Se questo riguarda la qualità politica complessiva dell’Italia di questi anni, un altro grande paradosso viene dal voto nelle regioni: dove il centrosinistra ha vinto, non esiste mai una maggioranza unita tra le due forze della coalizione di governo. Nell’unica regione dove si è raggiunto l’accordo tra M5s e Pd, cioè la Liguria, è il centrodestra di Giovanni Toti che vince in tutta sicurezza. Se si fa, infine, il bilancio complessivo del risultato del voto regionale, si assiste a un pareggio: 3 regioni al centrodestra (Veneto, Marche, Liguria), 3 regioni al centrosinistra (Toscana, Puglia, Campania). Bisognerebbe calcolare infine la Valle d’Aosta, che però con uno statuto speciale fa storia a sé, anche se la Lega risulta il primo partito.



Se si alza quindi lo sguardo a un livello più complessivo, si può dire che emerge un ulteriore paradosso: insomma, a un governo nazionale a maggioranza M5s e Pd, si contrappongono quindici, su un totale di venti, Regioni governate dal centrodestra. In tre anni, dal 2017, si è rovesciato perfettamente il rapporto. Allora era il centrosinistra a governarne quindici contro cinque.

Ma i paradossi di questa situazione politica italiana non finiscono mai. Se il referendum ha avuto un grande successo c’è un sondaggio (fatto circolare) che indica che i simpatizzanti del Pd, al 55%, hanno votato No al referendum contro l’indicazione piuttosto tortuosa del segretario Zingaretti per il Sì di Di Maio e la compagnia grillina. È un contrasto sin troppo palese. A questo punto “il Sì che aprirà le riforme”, come ripete ossessivamente Zingaretti, deve essere stabilito al più presto e diventa difficilmente rinviabile, come la legge elettorale e i nuovi collegi e circoscrizioni da ridisegnare, per votare salvaguardando il massimo di rappresentatività.

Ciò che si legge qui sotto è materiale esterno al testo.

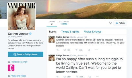 Tak lama setelah tweet tersebut, ribuan follower berbondong-bondong mengunjungi akun Twitter-nya dan memfollow-nya. Followernya terus bertambah, hingga 4 jam kemudian setelah tweet pertamanya, wanita yang sebelumnya bernama Bruce Jenner ini mencapai 1 juta follower.

Poi c’è la questione del rafforzamento della sanità con un prestito a portata di mano, già pronto e di ben 37 miliardi che il Mes (Meccanismo europeo di stabilità) è pronto a erogare. Ma su questo punto c’è una divisione secca tra pentastellati e Pd che solo il Presidente del Consiglio, Giuseppe Conte, cerca di minimizzare, sostenendo che alla fine si troverà un accordo secondo i criteri di “un buon padre di famiglia”. Mentre Zingaretti tenta di esorcizzare il prestito del Mes, una volta non parlandone, un’altra volta sostenendo che alla fine si troverà un accordo.

Ma stiamo elencando solo due punti di un’alleanza nata per stato di necessità, tra due forze diversissime, che hanno solo l’obiettivo di evitare elezioni che potrebbero portare il centrodestra al governo e la frantumazione di un governo che litiga su tutto e vivacchia cercando di guadagnare tempo in un modo che potrebbe diventare esasperante. In una situazione sociale, politica ed economica drammatica.

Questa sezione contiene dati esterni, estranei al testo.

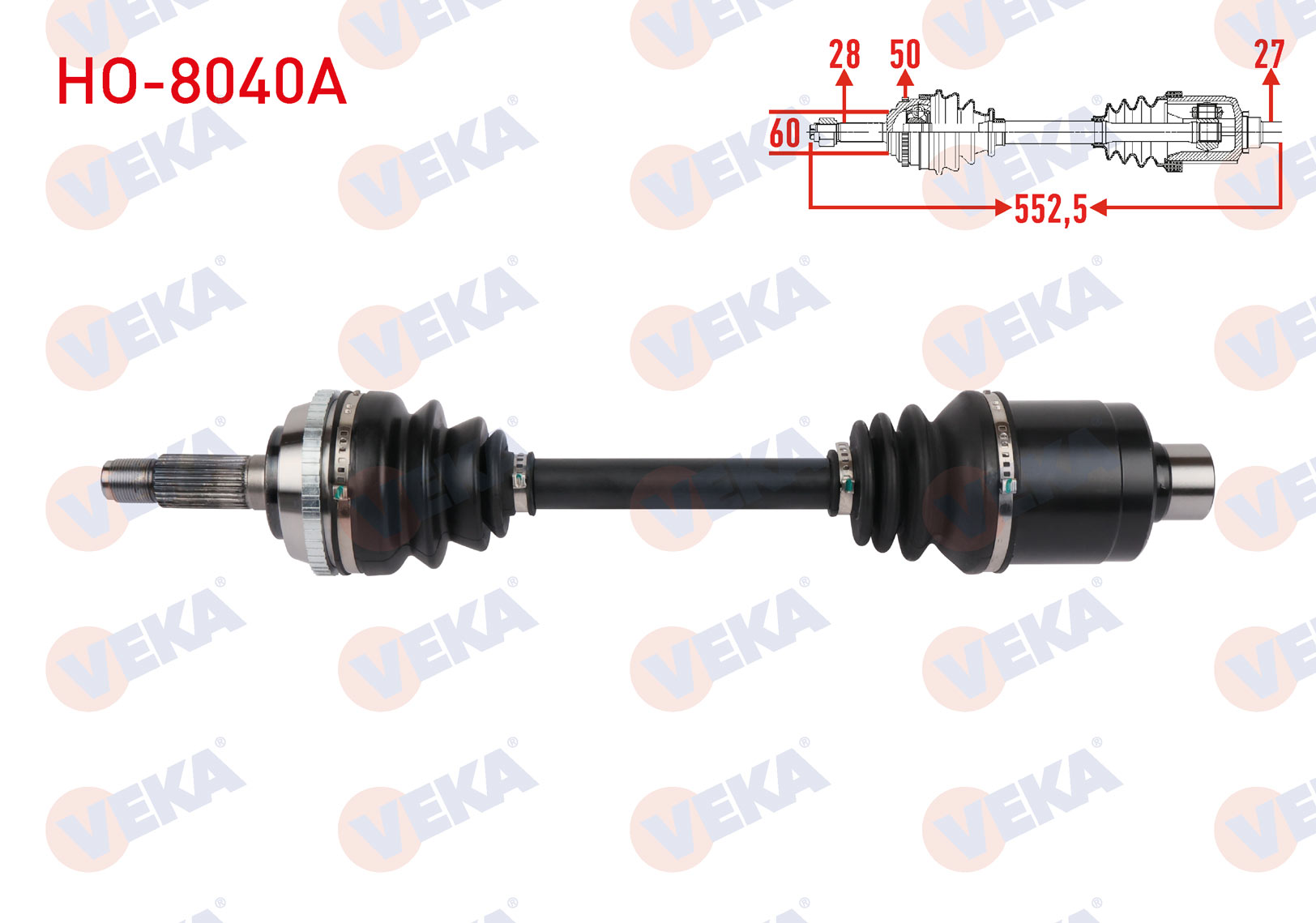 VEKA HO-8040A | Komple Aks Sol Ön Uzunluk 552,5mm ABS'li 50 Dıs Honda Accord V 2.0 1993-1998

Infine c’è il problema principale: i piani da presentare con puntualità e credibilità per i 209 miliardi da ottenere in Europa con il Recovery fund. Il tempo per ottenere tutto questo non è illimitato ed è abbastanza azzardato sperare in “rimbalzi”, come predica con strana insistenza e speranza senza riscontri lo storico, improvvisatosi economista, ministro Roberto Gualtieri.

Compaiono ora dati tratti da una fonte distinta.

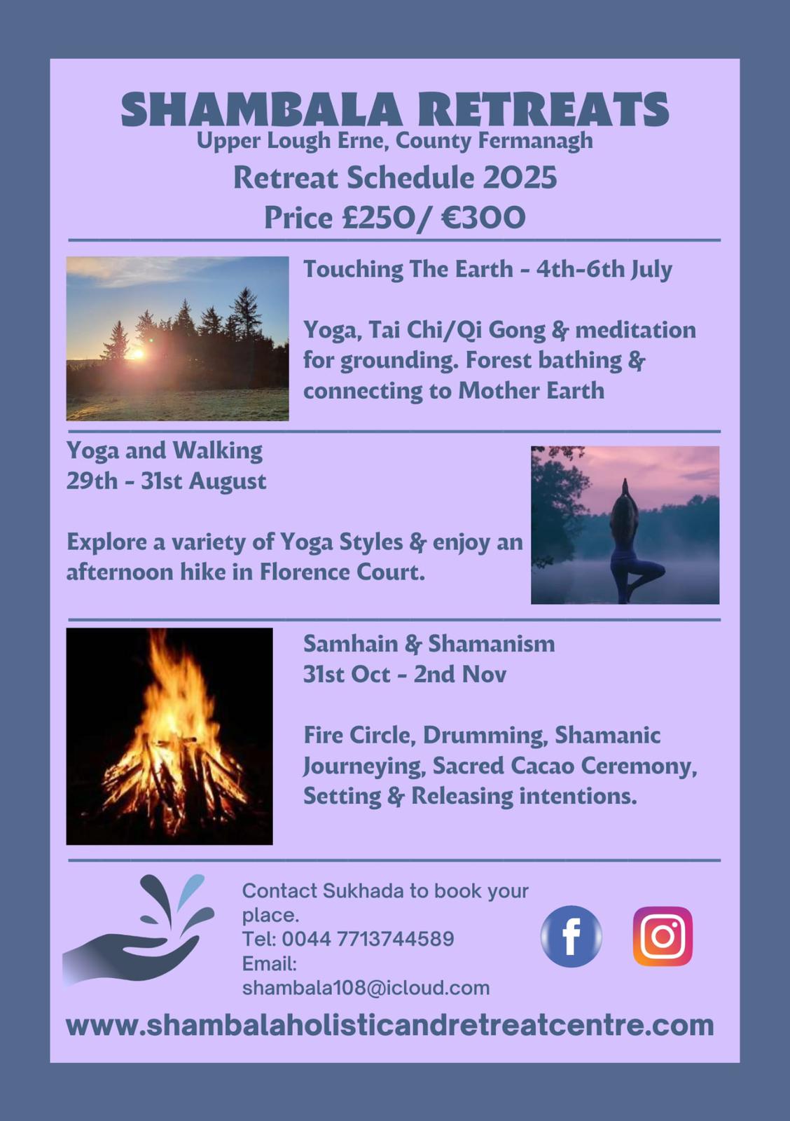2025 Retreats - For further info on retreats & booking contact Sukhada on 07713744589 or email shambala108@icloud.com

Continuare in questa situazione sembra un’impresa incredibile, eppure, dopo il “pareggio” di ieri e il grande successo nel referendum, il governo Conte, l’esecutivo più paradossale della storia repubblicana, difficilmente cadrà. Dopo il taglio di deputati e senatori e la lenta erosione dei voti della cosiddetta maggioranza, quello che appare agli analisti più attenti è un “Parlamento di disperati” che, speriamo, cercherà almeno di assolvere il necessario.

È vero, c’è un’incertezza sanitaria rispetto al Covid-19 inquietante, c’è all’orizzonte una crisi economica che può trasformarsi in disastro, ci sono scadenze sulla cassa integrazione e lo sblocco dei licenziamenti con la chiusura di imprese che fa paura. Gli ostacoli sono tanti e la possibilità di una caduta non può essere scartata. Ma il Paese, spaventato e provato, si aggrappa a quello che ha a disposizione al momento. È la grande forza del probabilmente incrollabile “governo del paradosso”.